Around the World in 80 Days at the Oxford Playhouse, from July 25-29, reviewed by Jon Lewis

Juliet Forster’s adaptation of Jules Verne’s 1872 novel Around the World in 80 Days is an entertaining production framed like a box within a box. A group of circus artists for Verne’s circus decide to enact the story by remaining faithful to the book. They also dramatise a linked narrative of an American investigative journalist, Nellie Bly, who emulated the fictional Phileas Fogg, the hero of Verne’s novel, by circumnavigating the globe in 1889 in only 72 days. The scenes with Bly (Katriona Brown) are used to challenge Verne’s patriarchal novel with contemporary interpretations, ensuring that the past is another country with its own set of values and beliefs. Bly brings a feminist critique to the play as well as a certain ‘truth’ that contextualises the novel.

This Theatre Royal York production, promoted for a national tour by Tilted Wig, infuses play with intricate circus skills. Fogg (Alex Phelps) is played by the ringmaster as a calm, focused adventurer who never loses his confidence in his mission despite facing many obstacles. His French servant, Passepartout (Wilson Benedito) never loses his clownish attributes, tumbling into difficulties.
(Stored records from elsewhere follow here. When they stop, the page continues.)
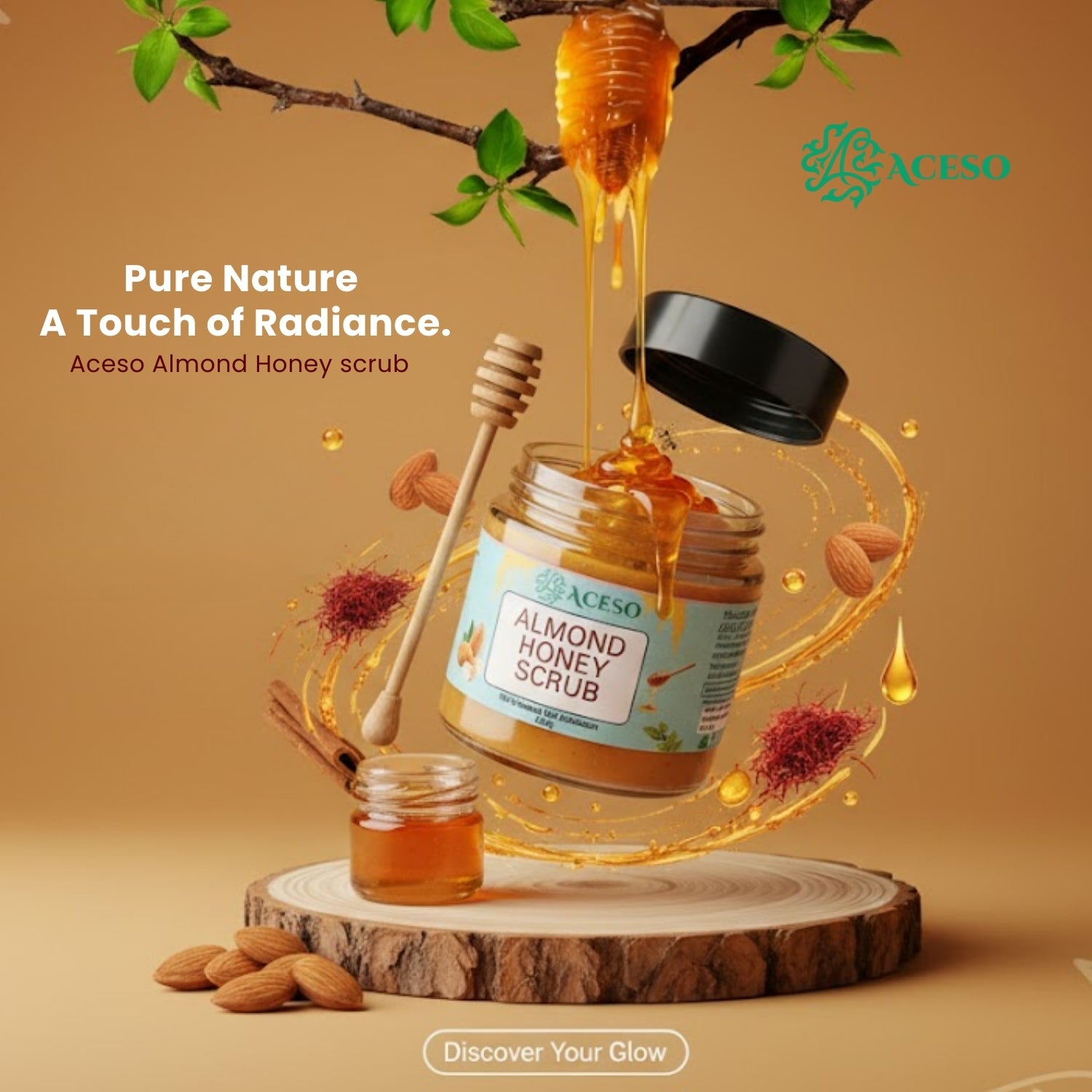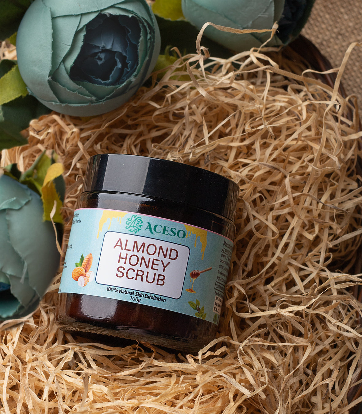1. Take a small amount of Almond Honey Scrub on damp skin and gently scrub in a circular motion for 5-7 minutes
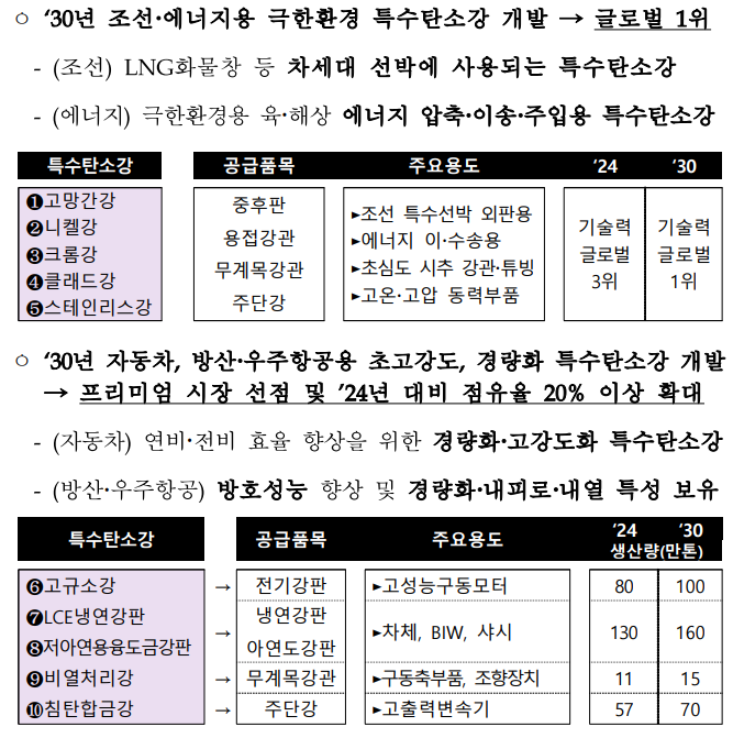또한 정부는 자동차·방산·우주항공용으로도 초고강도, 경량화 특수탄소강을 개발 지원할 방침이다. 이들 유망 미래 산업에서 고부가 소재 시장을 선점하도록 지원하여 시장 점유율을 2024년 대비 20% 이상 확대한단 전략이다.
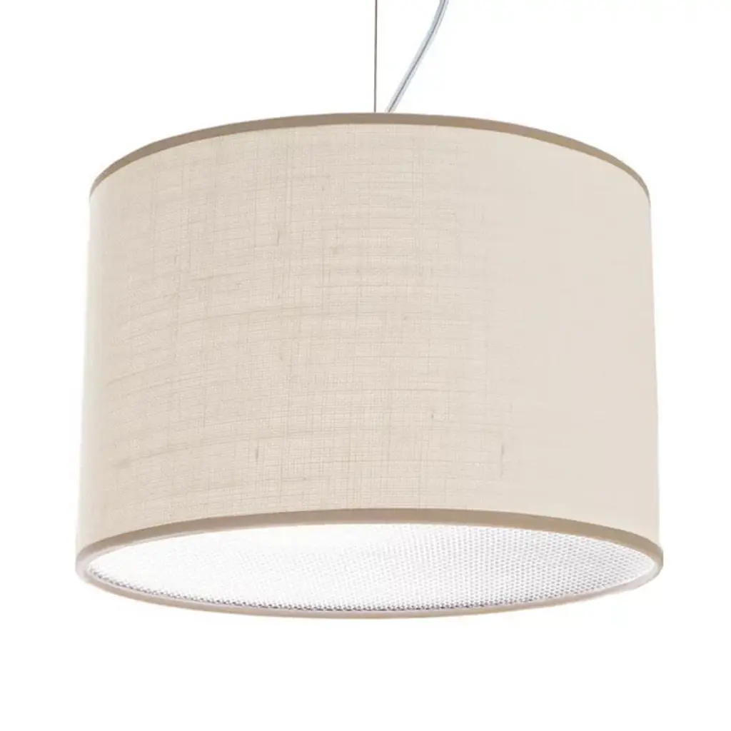 The circular foundation of the Mlampshades CY SO Pendant Light by ITAMA creates a timeless, effortless look for any dining room or living room. Each pendant comes in a variety of sizes and textured fabric shades, which work well with the Prismatic Methacrylate diffuser. With the option between an LED or incandescent bulb (not included), the drum-shaped shade creates a soft, downwards directed beam.

The fidelity to the novel is also realised in Passepartout’s running gag of inflating a red balloon, something we are told only occurs in film and television versions of the novel.

Around The World in 80 Days
Around The World in 80 Days

Fogg is followed by Detective Fix (Eddie Mann), played by the circus’ knife-thrower, who erroneously believes Fogg to be a criminal he wants to arrest. Fix and Passepartout develop a relationship full of comic physicality as the gullible Frenchman is blown off course by Fix’s skullduggery.

Forster creates thrilling storm-tossed scenes on decks using only a couple of ladders and some ropes, The best gag is where a plastic chicken is squashed back into a top hat in a reverse of the magician’s routine where he pulls a rabbit out of the hat. When Fogg rescues an Indian Parsee woman, Aouda (Genevieve Sabherwal) from being burned alive, her journey sitting atop an elephant is cleverly realised with just a step ladder, an outstretched leg and a couple of veils for the elephant’s ears.

Fun.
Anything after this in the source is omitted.